§ **Task requirements**
Go through the material below and count the lines with the string "shirt"; the number is the whole answer.

§ **Data extract**
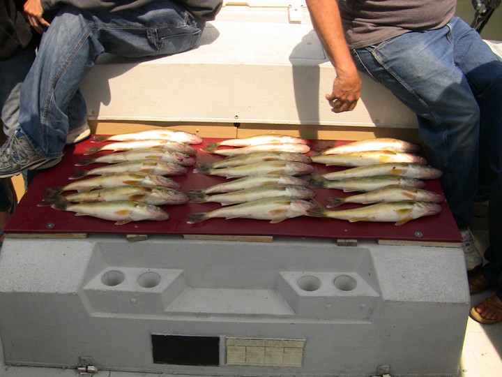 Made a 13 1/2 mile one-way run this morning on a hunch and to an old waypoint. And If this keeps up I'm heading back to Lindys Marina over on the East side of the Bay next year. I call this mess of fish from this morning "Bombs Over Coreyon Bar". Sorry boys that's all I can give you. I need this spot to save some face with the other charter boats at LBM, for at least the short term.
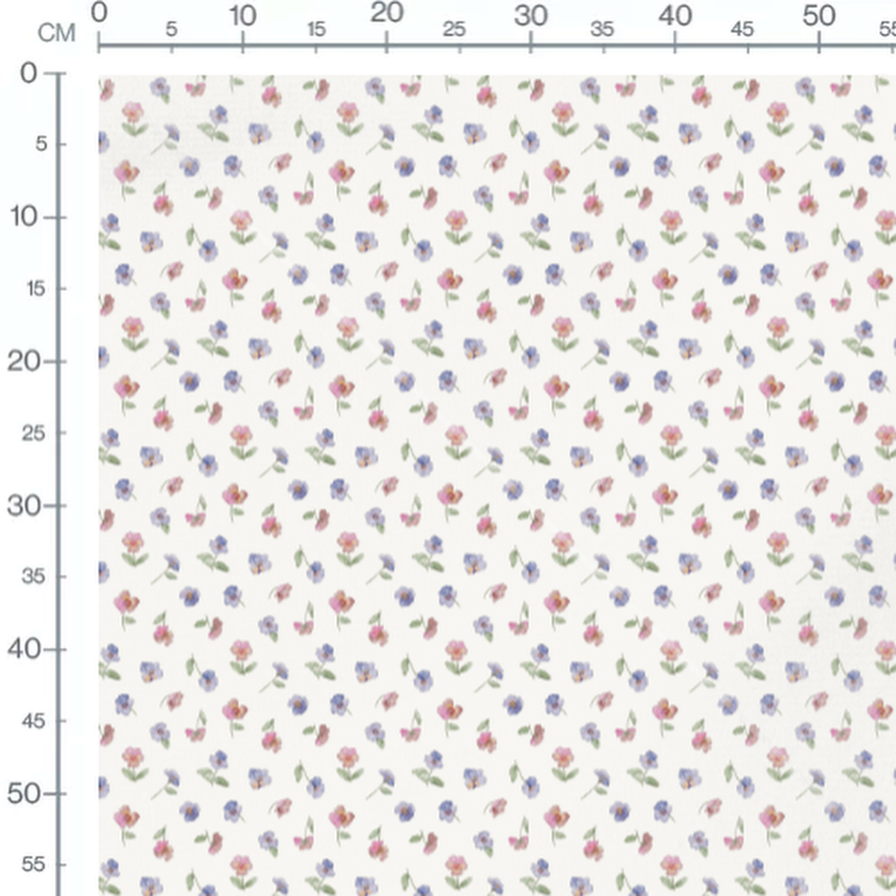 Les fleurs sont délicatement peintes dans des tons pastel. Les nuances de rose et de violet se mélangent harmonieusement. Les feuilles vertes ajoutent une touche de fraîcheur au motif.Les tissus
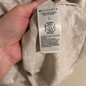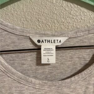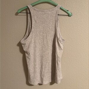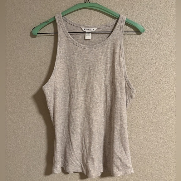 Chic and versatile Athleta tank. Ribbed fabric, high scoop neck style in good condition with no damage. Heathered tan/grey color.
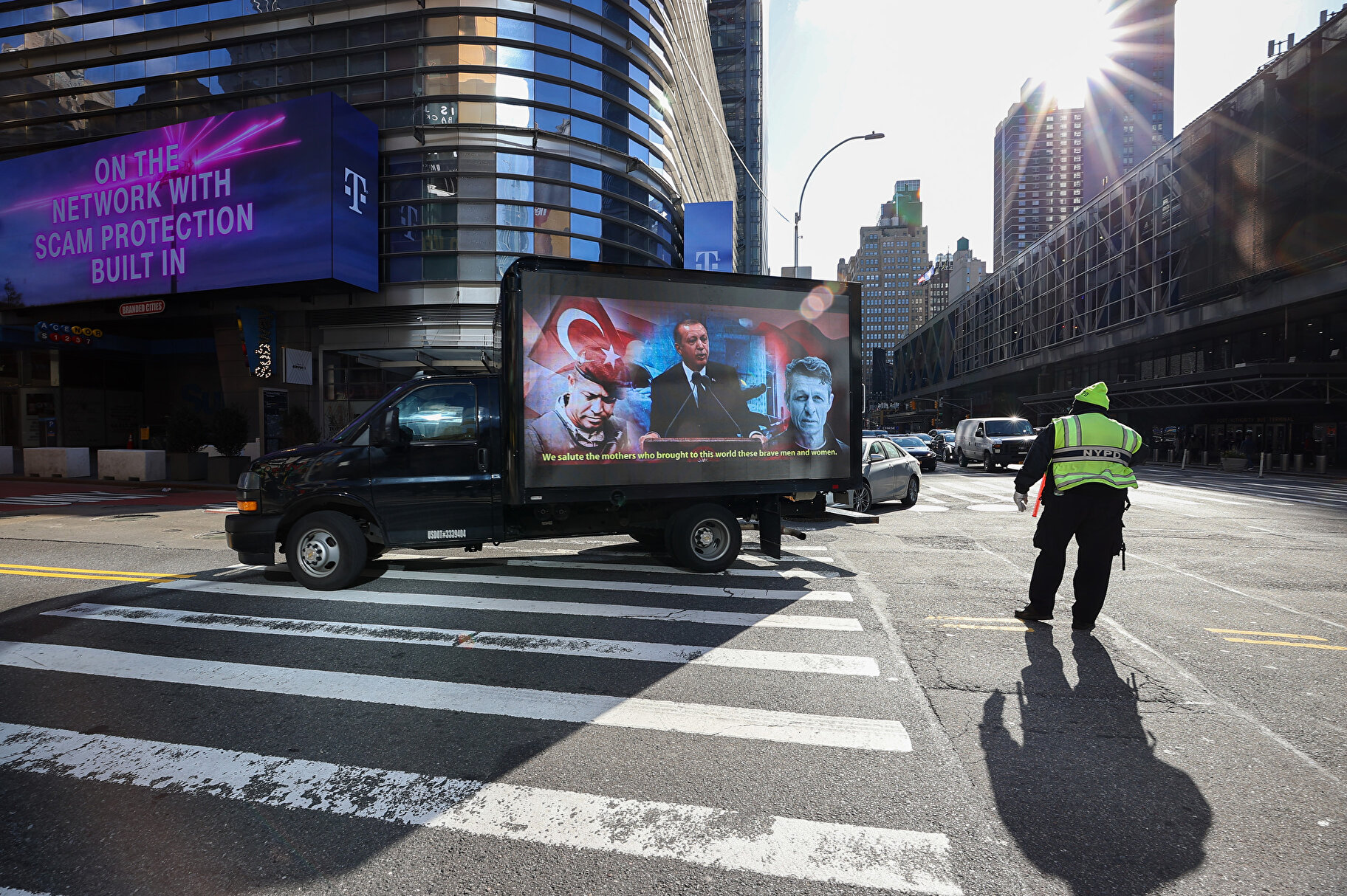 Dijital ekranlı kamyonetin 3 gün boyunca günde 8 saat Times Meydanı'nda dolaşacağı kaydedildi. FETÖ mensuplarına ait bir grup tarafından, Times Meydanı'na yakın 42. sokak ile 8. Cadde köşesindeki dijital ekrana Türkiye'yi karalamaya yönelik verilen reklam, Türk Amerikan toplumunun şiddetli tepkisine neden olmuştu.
...
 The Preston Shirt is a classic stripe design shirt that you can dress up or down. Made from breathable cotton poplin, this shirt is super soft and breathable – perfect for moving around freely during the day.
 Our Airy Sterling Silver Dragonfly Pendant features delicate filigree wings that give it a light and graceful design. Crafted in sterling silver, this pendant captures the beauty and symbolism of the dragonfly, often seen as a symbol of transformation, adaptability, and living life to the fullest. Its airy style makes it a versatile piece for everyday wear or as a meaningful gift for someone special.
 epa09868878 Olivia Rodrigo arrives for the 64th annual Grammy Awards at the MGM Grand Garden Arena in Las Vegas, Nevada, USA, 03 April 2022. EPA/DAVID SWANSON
--
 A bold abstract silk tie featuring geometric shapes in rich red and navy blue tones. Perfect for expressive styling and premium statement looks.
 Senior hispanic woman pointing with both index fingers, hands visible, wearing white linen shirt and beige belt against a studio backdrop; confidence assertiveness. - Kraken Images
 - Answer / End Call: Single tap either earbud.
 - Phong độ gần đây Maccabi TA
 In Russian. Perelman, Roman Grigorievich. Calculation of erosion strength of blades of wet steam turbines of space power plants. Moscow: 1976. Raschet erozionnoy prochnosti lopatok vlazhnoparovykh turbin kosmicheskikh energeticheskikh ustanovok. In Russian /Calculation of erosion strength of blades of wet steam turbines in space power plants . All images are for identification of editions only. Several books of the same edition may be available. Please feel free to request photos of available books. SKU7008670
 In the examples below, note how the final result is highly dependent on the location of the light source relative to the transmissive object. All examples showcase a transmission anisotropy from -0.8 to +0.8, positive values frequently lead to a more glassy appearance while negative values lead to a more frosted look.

§ **Final answer**
2